PCollection<MyClass> C = Set.difference(A, B);
Here both A and B are PCollection<MyClass> type.
MyClass is defined as follows:
public class MyClass implements java.io.Serializable, Cloneable{
private String a;
private String b;
private int c;
private Map<String, Double> d;
private int e;
public MyClass(){
this(null, null, 0, new HashMap<String, Double>());
}
public MyClass(String labelID, String sampleID, Integer pos_neg_ind, HashMap<String, Double> feat_val_pair){
......
}
public MyClass(String input){
.....
}
.....
}
From running the set difference, I got the following error.
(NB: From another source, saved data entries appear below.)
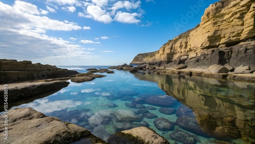 Rock pool reflecting blue sky and surrounding cliffs, sharp edges of rocks under shallow water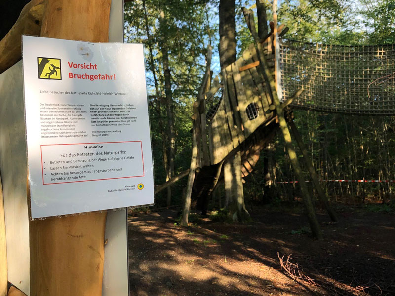 In Bereichen, in den Besucher jedoch länger verweilen, wie z.B. im Naturparkzentrum Fürstenhagen ist die Beseitigung von Gefährdungen notwendig. Aus diesem Grund ist der Bereich des Baumhauses für die Besucher zurzeit gesperrt. Die Naturparkverwaltung bitte alle Besucher um Verständnis. Das übrige Gelände des Naturparkzentrums ist jedoch weiterhin nutzbar.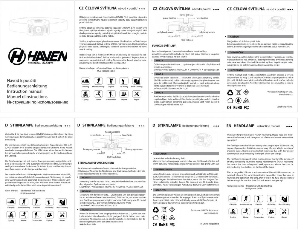 Čelovka je vybavena pohybovým senzorem díky kterému můžete světlo vypnout/zapnout! Čelová svítilna SWEEP má více funkcí, které pomohou při práci nebo sportu a které jsou volitelné pomocí dvou tlačítek na horní straně svítilny.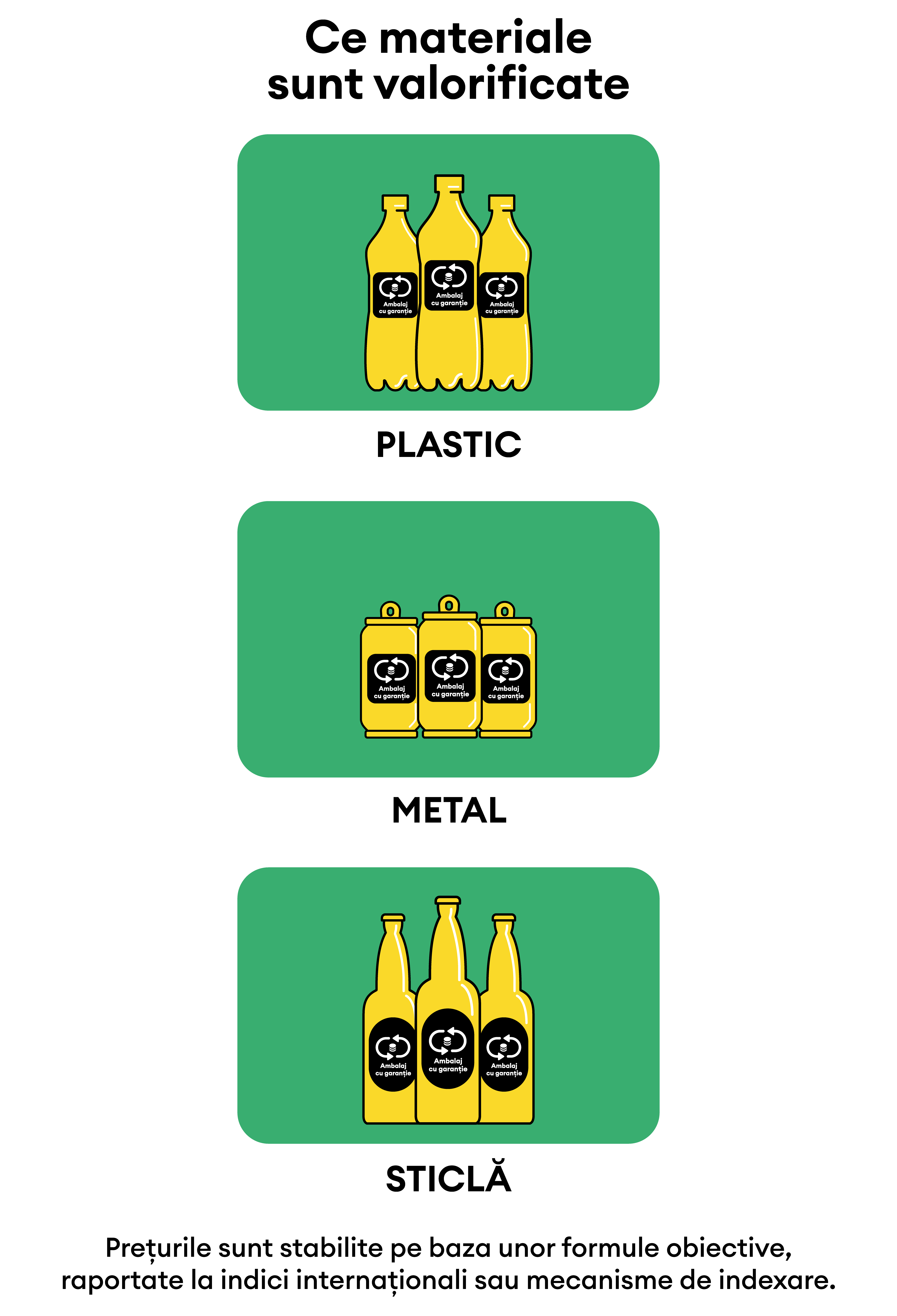 RetuRO valorifică materialele colectate prin SGR (plastic, metal și sticlă) prin mecanisme transparente și competitive, în conformitate cu legislația în vigoare.

Was that because of MyClass including a Map member d? If so, is there another way to generate the set diff by having these inputs?
Thanks!
Lucy
java.lang.Exception: org.apache.hadoop.mapreduce.task.reduce.Shuffle$ShuffleError: Error while doing final merge
at org.apache.hadoop.mapred.LocalJobRunner$Job.runTasks(LocalJobRunner.java:462)
at org.apache.hadoop.mapred.LocalJobRunner$Job.run(LocalJobRunner.java:529)
Caused by: org.apache.hadoop.mapreduce.task.reduce.Shuffle$ShuffleError: Error while doing final merge
at org.apache.hadoop.mapreduce.task.reduce.Shuffle.run(Shuffle.java:160)
at org.apache.hadoop.mapred.ReduceTask.run(ReduceTask.java:376)
at org.apache.hadoop.mapred.LocalJobRunner$Job$ReduceTaskRunnable.run(LocalJobRunner.java:319)
at java.util.concurrent.Executors$RunnableAdapter.call(Executors.java:471)
at java.util.concurrent.FutureTask.run(FutureTask.java:262)
at java.util.concurrent.ThreadPoolExecutor.runWorker(ThreadPoolExecutor.java:1145)
at java.util.concurrent.ThreadPoolExecutor$Worker.run(ThreadPoolExecutor.java:615)
at java.lang.Thread.run(Thread.java:744)
Caused by: org.apache.avro.AvroRuntimeException: Can't compare maps!
at org.apache.avro.io.BinaryData.compare(BinaryData.java:134)
at org.apache.avro.io.BinaryData.compare(BinaryData.java:139)
at org.apache.avro.io.BinaryData.compare(BinaryData.java:92)
at org.apache.avro.io.BinaryData.compare(BinaryData.java:72)
at org.apache.avro.mapred.AvroKeyComparator.compare(AvroKeyComparator.java:43)
at org.apache.hadoop.mapred.Merger$MergeQueue.lessThan(Merger.java:578)
at org.apache.hadoop.util.PriorityQueue.downHeap(PriorityQueue.java:144)
at org.apache.hadoop.util.PriorityQueue.adjustTop(PriorityQueue.java:108)
at org.apache.hadoop.mapred.Merger$MergeQueue.adjustPriorityQueue(Merger.java:524)
at org.apache.hadoop.mapred.Merger$MergeQueue.next(Merger.java:539)
at org.apache.hadoop.mapred.Merger.writeFile(Merger.java:209)
at org.apache.hadoop.mapreduce.task.reduce.MergeManagerImpl.finalMerge(MergeManagerImpl.java:731)
at org.apache.hadoop.mapreduce.task.reduce.MergeManagerImpl.close(MergeManagerImpl.java:370)
at org.apache.hadoop.mapreduce.task.reduce.Shuffle.run(Shuffle.java:158)
... 7 more